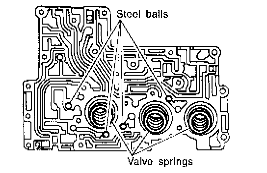1) Install accumulator pistons, valve springs and steel balls to upper valve body.
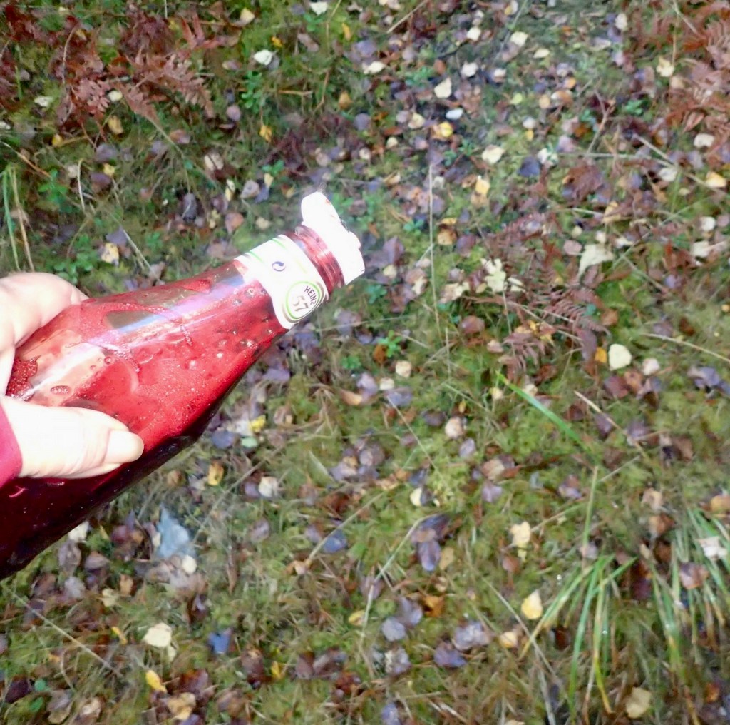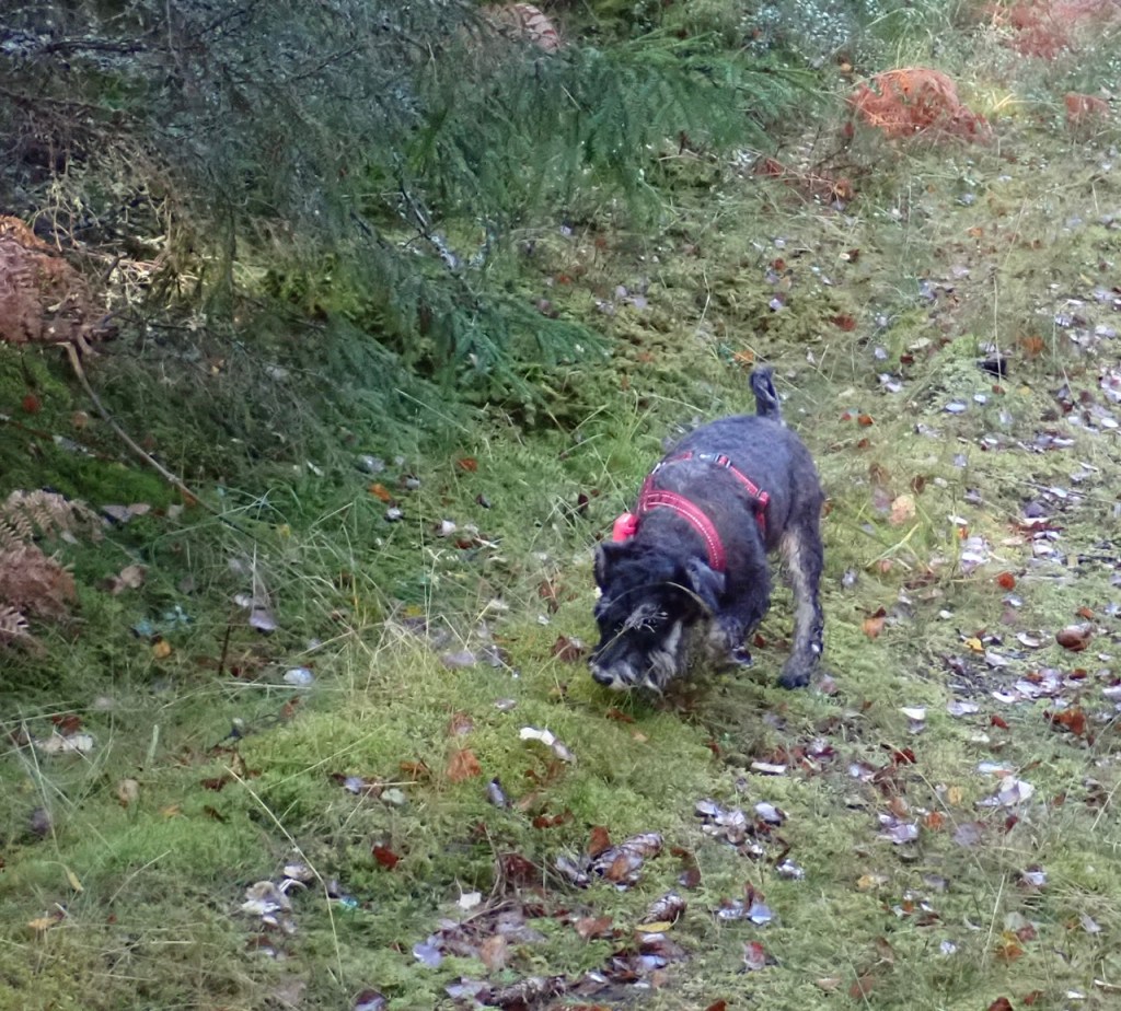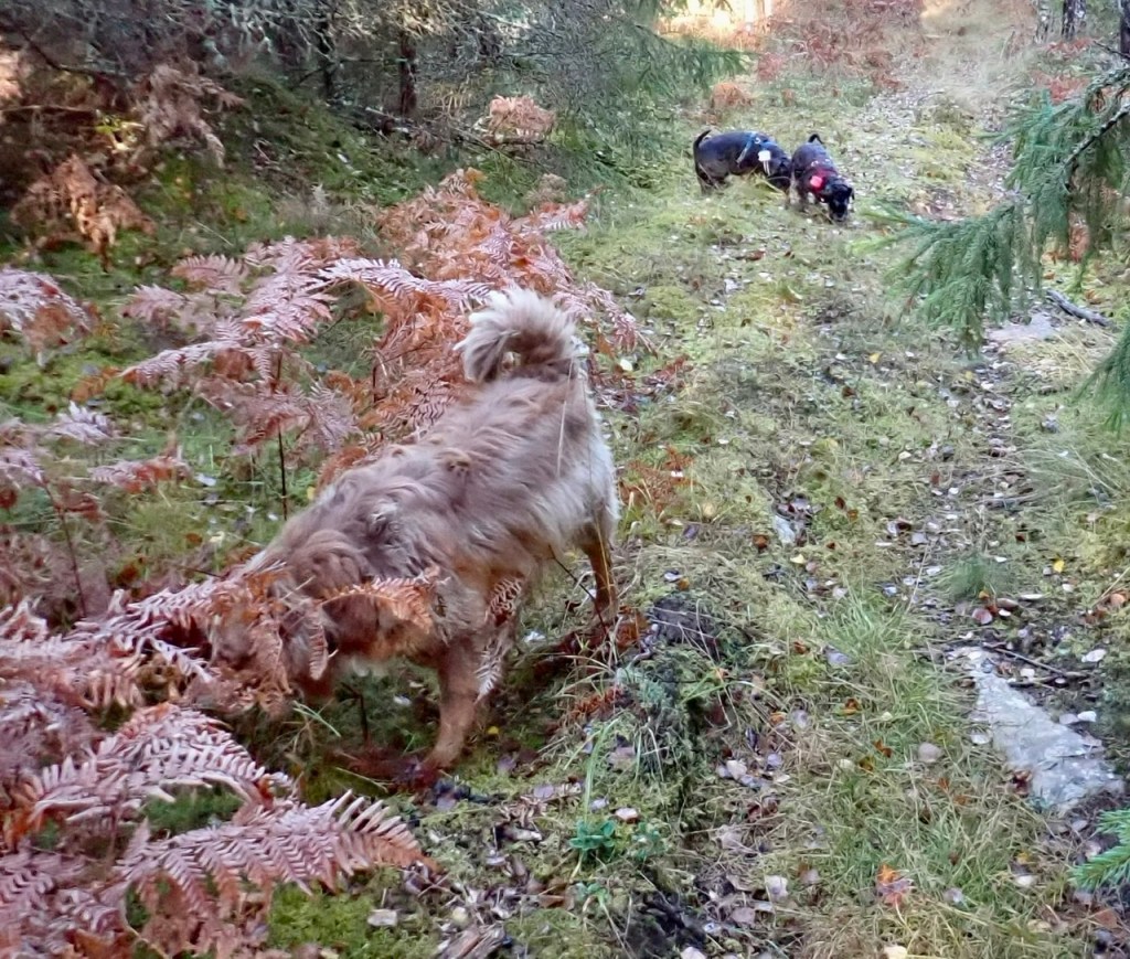 Troy kollade av Helenas korg och berättade för oss att där finns det minsann både nötblod och köttbullar. Då vet vi vad som är på G. Helena försvann och droppade på sin väg genom snåren små små fläckar med blod. De blir som doftfyrar för oss och vi är duktiga på att följa spåret.
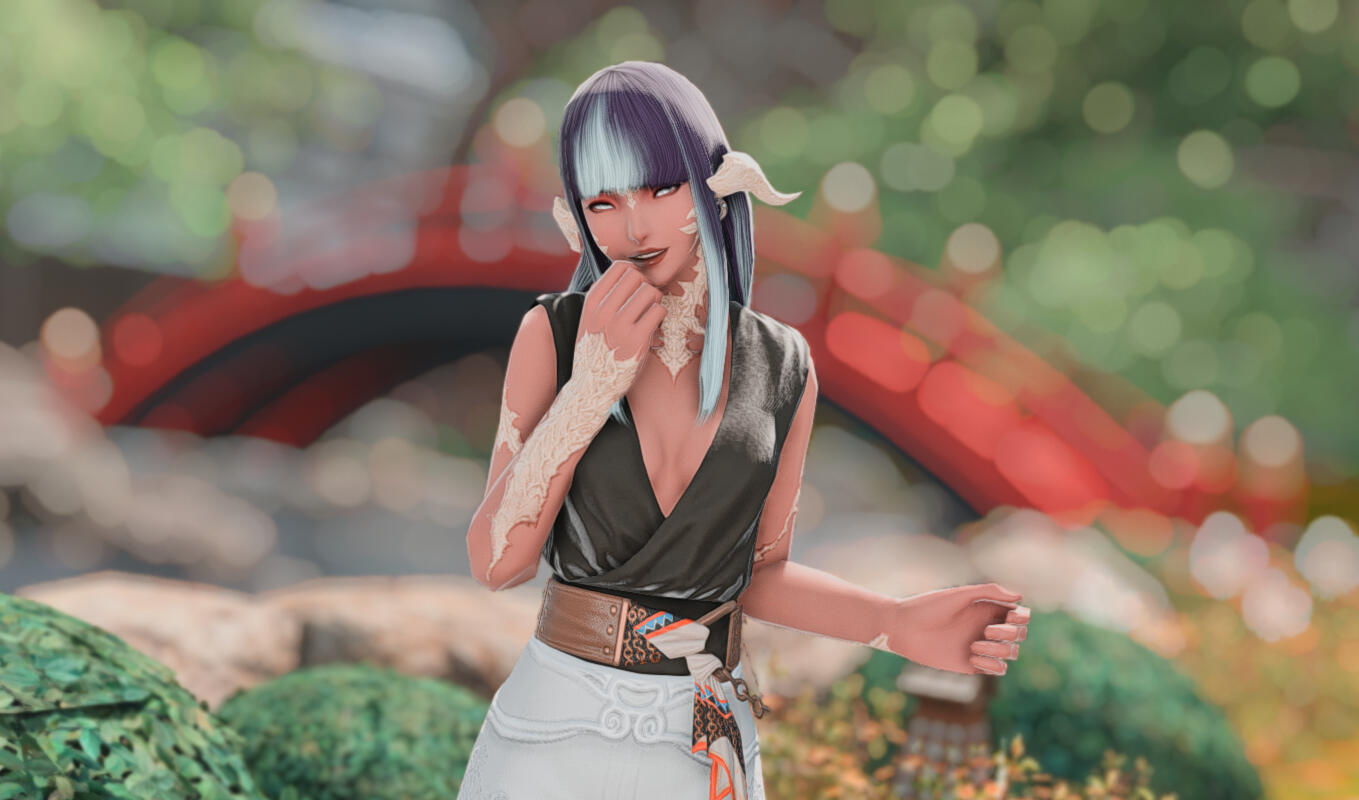 Player is over 30. I'm not interested in roleplaying with people under 21.I'm interested in both short/pick-up roleplay and longer storylines. I prefer Discord for more indepth storylines, but am happy to schedule something in game. Kanna is an alt, so it's easier to get in touch with me via Discord to plan sessions. (Ask for my username via /tell if you need it.)Romance plots are welcome, but require development. ERP is fine, but I'd prefer it to be part of a plot rather than a one-off.Dark and mature themes are welcome, but require some OOC communication so we're on the same page with regard to goals.
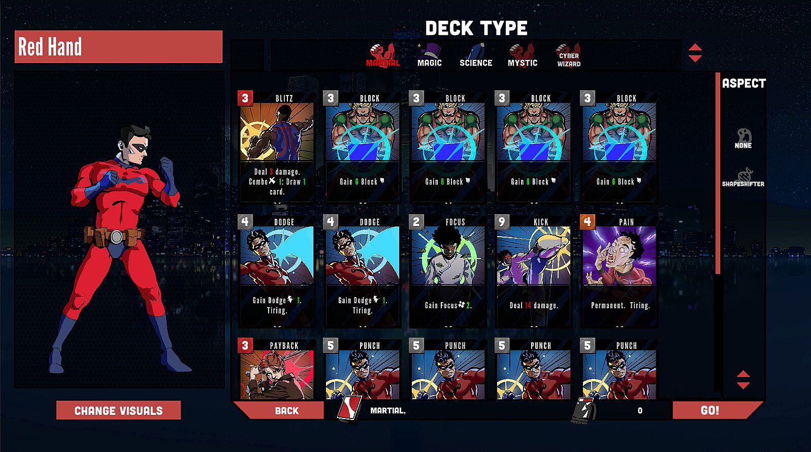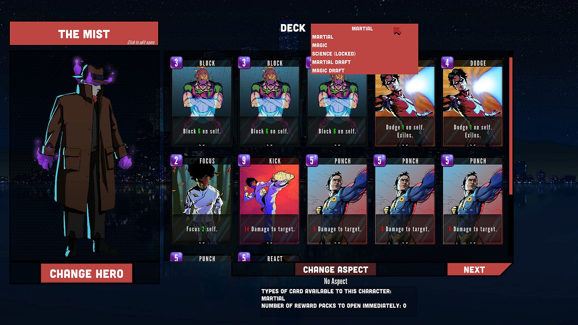 Each run you can choose one or two Archetypes such as Martial, Magic or Science to make the hero you want. You can also add a Aspect which adds extra cards - maybe your Magic User is also a mutant who can shapeshift? Did your Scientist learn how to become a speedster?
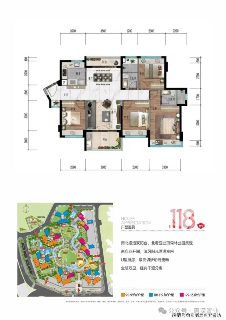 『稀缺园景 南北通双阳台四房』:118㎡户型 四房两厅两卫
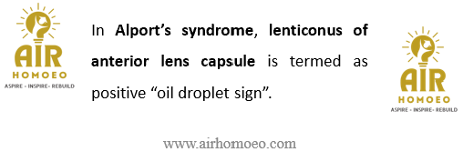 Positive “oil droplet sign” in Alport’s syndrome pertains to ?
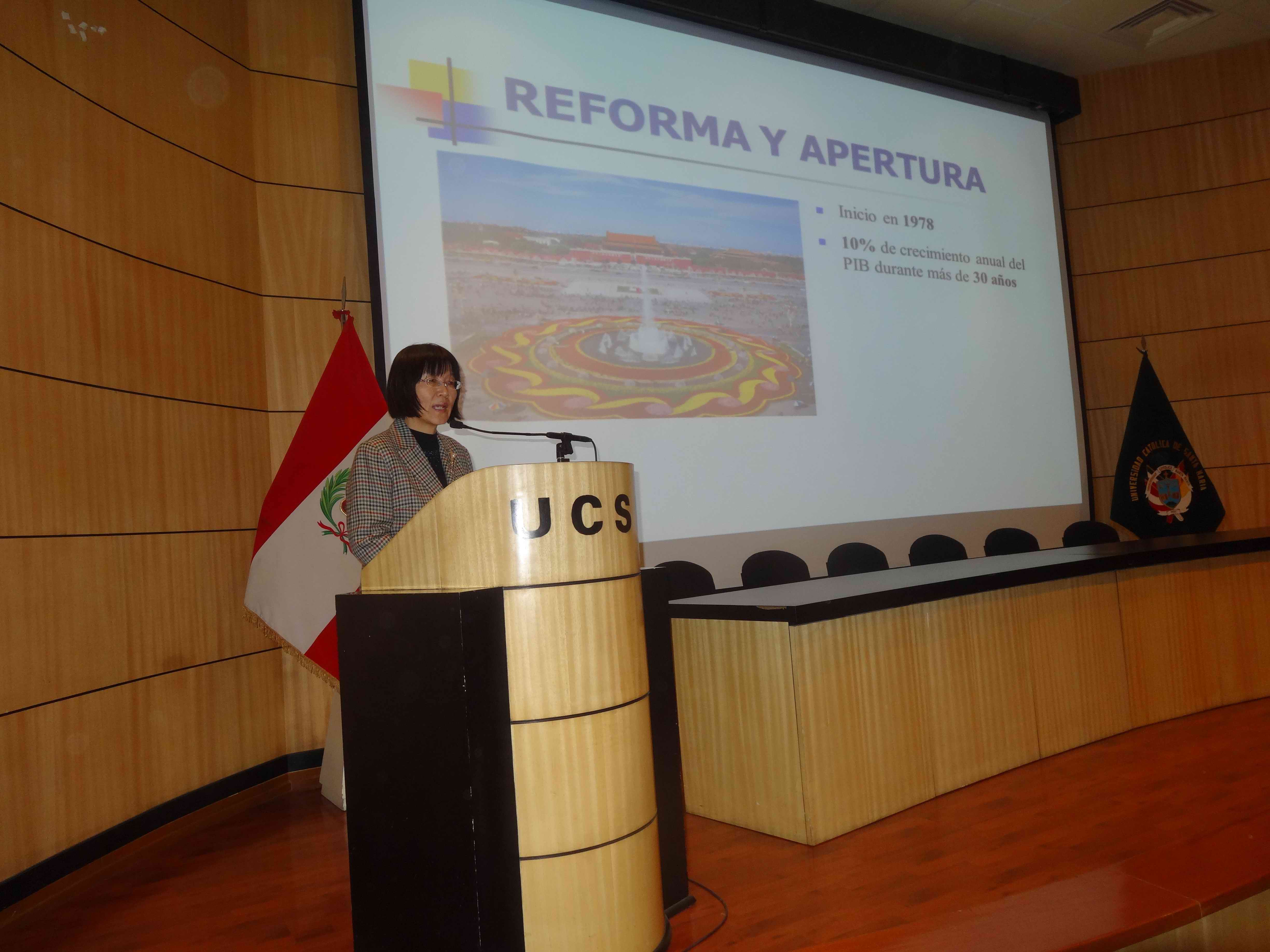 10月26日,中国驻秘鲁共和国特命全权大使黄敏慧莅临阿雷基帕,在圣玛利亚天主教大学礼堂发表演讲,介绍中国的发展概况以及中国和秘鲁双边关系的发展现状。黄敏慧的到来把整个中国文化周推向高潮。26、27日连续两天,孔子学院举办“高度外向型的经济--了解中国的进出口”研讨会,对持续升温的中秘经贸关系做了很好的诠释。
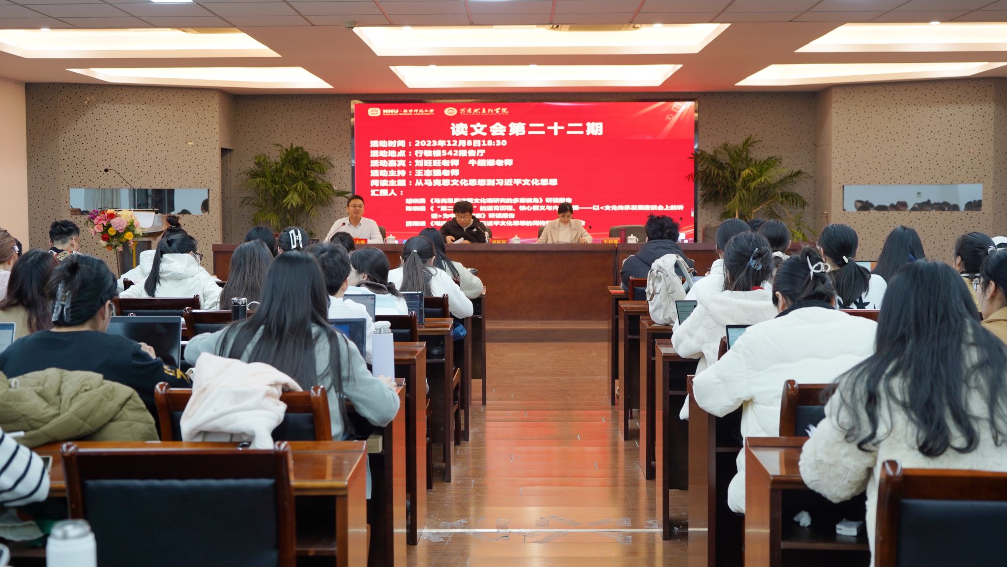第二十二期“读文会”于行敏楼542报告厅成功举办。本期“读文会”以“从马克思文化思想到习近平文化思想”为主题,由王志强老师主持,公共管理学院副教授刘旺旺老师以及网赌
§
* [Your instructions]:
Nothing but the lines from the one with "pertains to ?" through the last line of the records should appear in your answer, each exactly as written and without pictures.

* [Answer section]:
 Positive “oil droplet sign” in Alport’s syndrome pertains to ?
 10月26日,中国驻秘鲁共和国特命全权大使黄敏慧莅临阿雷基帕,在圣玛利亚天主教大学礼堂发表演讲,介绍中国的发展概况以及中国和秘鲁双边关系的发展现状。黄敏慧的到来把整个中国文化周推向高潮。26、27日连续两天,孔子学院举办“高度外向型的经济--了解中国的进出口”研讨会,对持续升温的中秘经贸关系做了很好的诠释。
第二十二期“读文会”于行敏楼542报告厅成功举办。本期“读文会”以“从马克思文化思想到习近平文化思想”为主题,由王志强老师主持,公共管理学院副教授刘旺旺老师以及网赌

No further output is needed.